Dans le cadre d’une procédure collective, la reconstitution de l’actif du débiteur est une priorité pour apurer le passif. Cette démarche implique l’examen des actes accomplis avant l’ouverture de la procédure, notamment durant la période suspecte, afin de détecter d’éventuels comportements frauduleux ou préjudiciables.
Qu’est-ce que la période suspecte ?
La période suspecte, définie par l’article L.632-1 du Code de commerce, s’étend de la date de cessation des paiements (fixée par le juge-commissaire) jusqu’au jugement d’ouverture de la procédure collective. Elle concerne seulement les procédures de redressement et de liquidation judiciaires, excluant la sauvegarde judiciaire, réservée aux entreprises non encore en cessation des paiements.
En outre, cette période sert à analyser les actes passés par le débiteur, dans l’objectif de détecter tout comportement anormal ou frauduleux. Le juge-commissaire doit alors vérifier si l’entreprise s’est livrée ou a tenté de se livrer à des opérations frauduleuses avant l’ouverture de la procédure.
Ainsi, en cas de doute, le juge-commissaire peut remonter la date de cessation des paiements jusqu’à 18 mois avant le jugement d’ouverture, pour remettre en cause la validité de certains actes conclus par l’entreprise.
Quels sont les actes concernés par la nullité de la période suspecte ?
Les actes accomplis durant la période suspecte peuvent être annulés s’ils présentent un caractère anormal ou préjudiciable pour l’entreprise. Deux formes de nullités sont observées :
La nullité de droit : elle s’applique automatiquement à certains actes considérés comme gravement préjudiciables ou « suspects », tels que les donations effectuées par le débiteur en état de cessation des paiements, les paiements de dettes non échues, les garanties conventionnelles constituées pour assurer des dettes antérieures à la période suspecte, ou les ventes à un prix dérisoire ou les achats à des coûts excessifs ;
La nullité facultative : ces actes sont soumis à l’appréciation des juges.
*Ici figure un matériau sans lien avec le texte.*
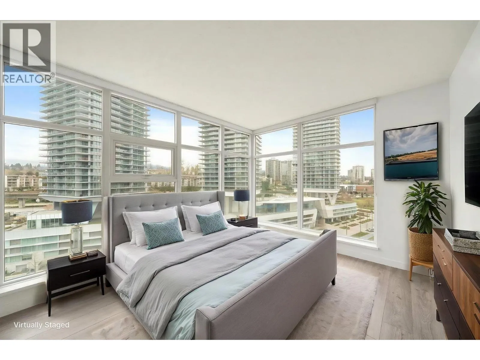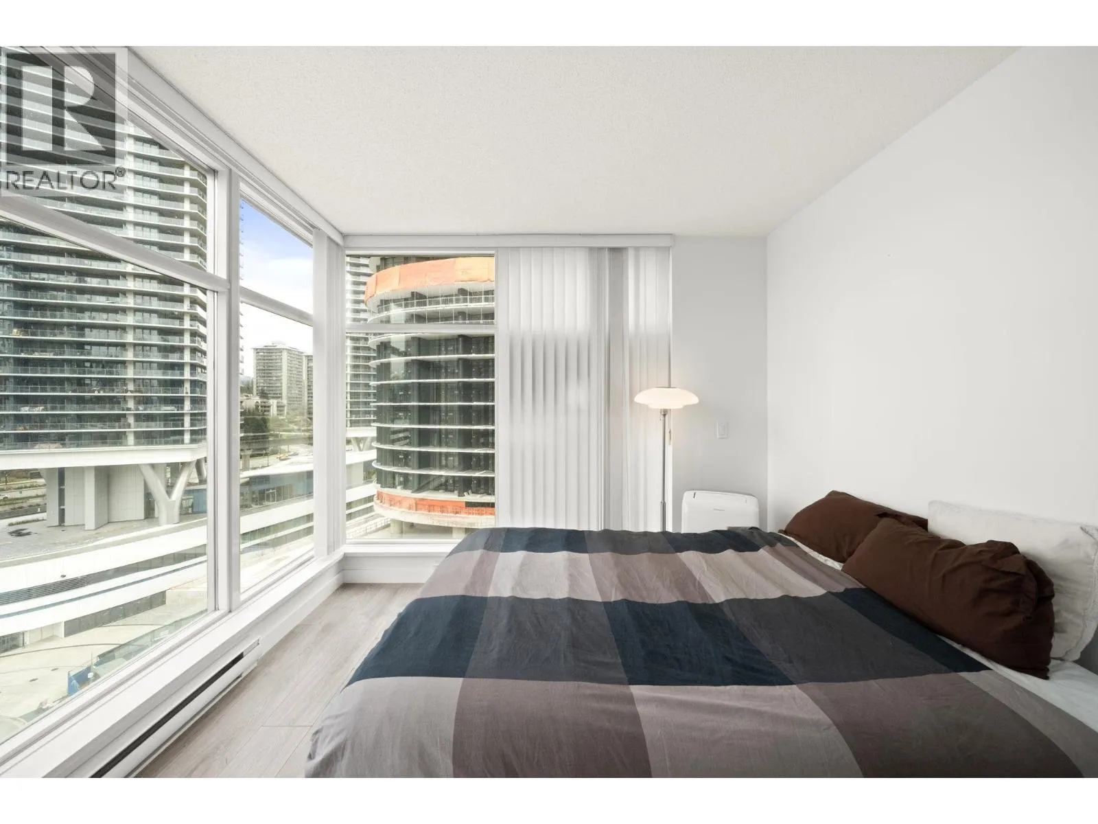 Welcome to this bright upper-level, east-facing corner unit by Polygon, offering an airy living space with abundant natural light. Features 2 beds, 2 baths and laminate flooring throughout. The living room has been customized to include a partitioned room with a closet and door; walls do not extend fully to the ceiling, offering flexibility. Great investment potential with a flexible layout and added room. Enjoy amenities including a fitness centre, indoor hot tub, steam room, and sauna. Centrally located within a 5-7 minute walk to Brentwood Mall & skytrain, shops, and restaurants. Includes 2 parking stalls and 1 locker. Pet and rental friendly. (id:27476)
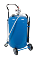 Mobiler Ölspender mit einem Fassungsvermögen von bis zu 80 Liter für die netzunabhängige Ölabgabe. Die Befüllung erfolgt aus Fässern mit 50-, 60- oder 200 Litern Inhalt mittels Schwerkraft und mit Hilfe eines Einfülltrichters oder auch aus Tanks mittels einer Umfüllpumpe.
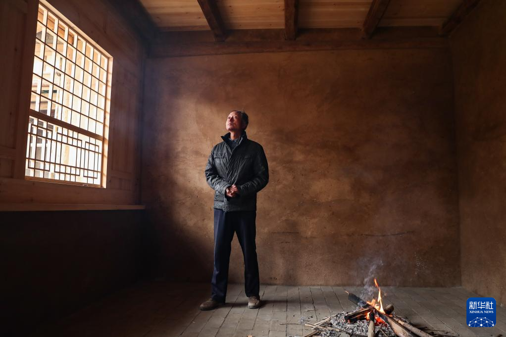 11月18日,在(zai)甘肅(su)省(sheng)隴南市宕(dang)昌縣哈達鋪鎮上街(jie)村,村民在(zai)檢查被列為縣級文物保護單位、已得到修繕的自家祖宅。

Cela concerne notamment les actes à titre gratuit accomplis dans les six mois précédant la cessation des paiements et les paiements effectués après la cessation des paiements, à condition que le débiteur connaisse la situation compromise de l’entreprise.
La procédure et les effets de la nullité de la période suspecte
Les requêtes en annulation des actes anormaux peuvent être formulées par le ministère public, l’administrateur judiciaire, le mandataire judiciaire, le liquidateur ou le commissaire à l’exécution du plan (CAEP). En revanche, le débiteur lui-même est exclu du droit d’agir(cass. com du 8 mars 2017, n°15-18.495).
Il n’existe pas de délai spécifique pour agir en nullité. Dès lors, une fois l’acte annulé, la nullité est rétroactive : ses effets, même passés, deviennent nuls. Toutefois, elle reste unilatérale : seuls les éléments défavorables à l’entreprise sont annulés afin de préserver les créanciers.